I'm going to WDW over Christmas with my family. I am wondering if anyone can recommend areas to ride/avoid in the Orlando/WDW area. I will not have a car, so I will be leaving straight from WDW itself (Fort Wilderness). Would be interested in 50-80k rides. Perhaps there are some group rides in the area.

Thanks
Joe


----------



## rcharrette

*My thoughts*

Since no one else has responded I'll give you my opinion. I've been to that area several times and am actually heading back next week with my Son. From my experience the roads are incredibly busy, there is no bike lanes or even shoulder for that matter and the whole idea of doing any sort of road ride in this area seems incredibly dangerous to me. Might want to find out if your hotel has a gym or better yet go have a beer:thumbsup:


----------



## Sylint

Bit late but, as a former WDW employee, good chance you'll get asked off the roads for riding. They are 100% NOT made for road riding.
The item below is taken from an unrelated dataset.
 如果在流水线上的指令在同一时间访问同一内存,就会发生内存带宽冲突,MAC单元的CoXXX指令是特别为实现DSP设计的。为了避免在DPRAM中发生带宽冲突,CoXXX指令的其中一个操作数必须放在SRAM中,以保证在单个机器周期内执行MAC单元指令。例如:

TON of traffic and small shoulders.

Based on my memory on the traffic/road conditions from driving I am putting together a route on ridewithgps for you. 
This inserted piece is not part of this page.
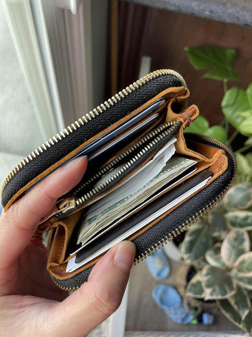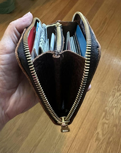 • 4 card slots, 2 large pockets for cash, and a zippered coin pocket

I will preface this by saying I have 100% NOT ridden this.



EDIT: I blanked once I hit 535, I haven't lived or worked there in 2 years, but if you HAVE to leave from Disney, go left out of Ft. Wilderness and follow that road until it hits highway 535. Turn left on to 535 and from there it's not bad, but decent traffic and not great shoulders. Good news is you are now headed AWAY from tourist-ville. You can bail off into quite a few of the subdivisions and add up some miles on less travelled roads.
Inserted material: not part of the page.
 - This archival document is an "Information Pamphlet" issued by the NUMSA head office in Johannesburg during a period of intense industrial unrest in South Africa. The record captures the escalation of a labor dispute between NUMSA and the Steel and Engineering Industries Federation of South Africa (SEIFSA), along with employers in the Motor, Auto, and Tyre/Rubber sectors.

Alternatively, if you can get your bike over to the Boardwalk/Yacht and Beach area, you can get some miles on the walkways around there, but it makes the worst MUT you've ever been on look like a deserted road. PM me if you have any questions at all, I'll try to think about where else you could go with the limitation of no car.


----------



## rd12vman

I live in the orlando area and you are taking your life in your hands riding around disney. i think your best bet for a fun safe road ride is to contact the windermere roadies. they have a website. windermere is about 10 miles from disney and is a great place to ride. my guess is they could put you in contact with a member who lives near disney who would be kind enough to pick you up on the way to a ride. they have all their rides listed on the website. good luck


----------



## vetboy

rd12vman said:


> I live in the orlando area and *you are taking your life in your hands riding around disney*. i think your best bet for a fun safe road ride is to contact the windermere roadies. they have a website. windermere is about 10 miles from disney and is a great place to ride. my guess is they could put you in contact with a member who lives near disney who would be kind enough to pick you up on the way to a ride. they have all their rides listed on the website. good luck


Agreed 100% - that's why I was looking away from Disney property. I'll look into the Windermere folks - thanks a bunch.

Joe


----------



## JamesinIT

There is some great riding to be had over in Windermere, near sugarloaf mountain. Just watch out for the cagers and bikes enjoying the twisty roads...


----------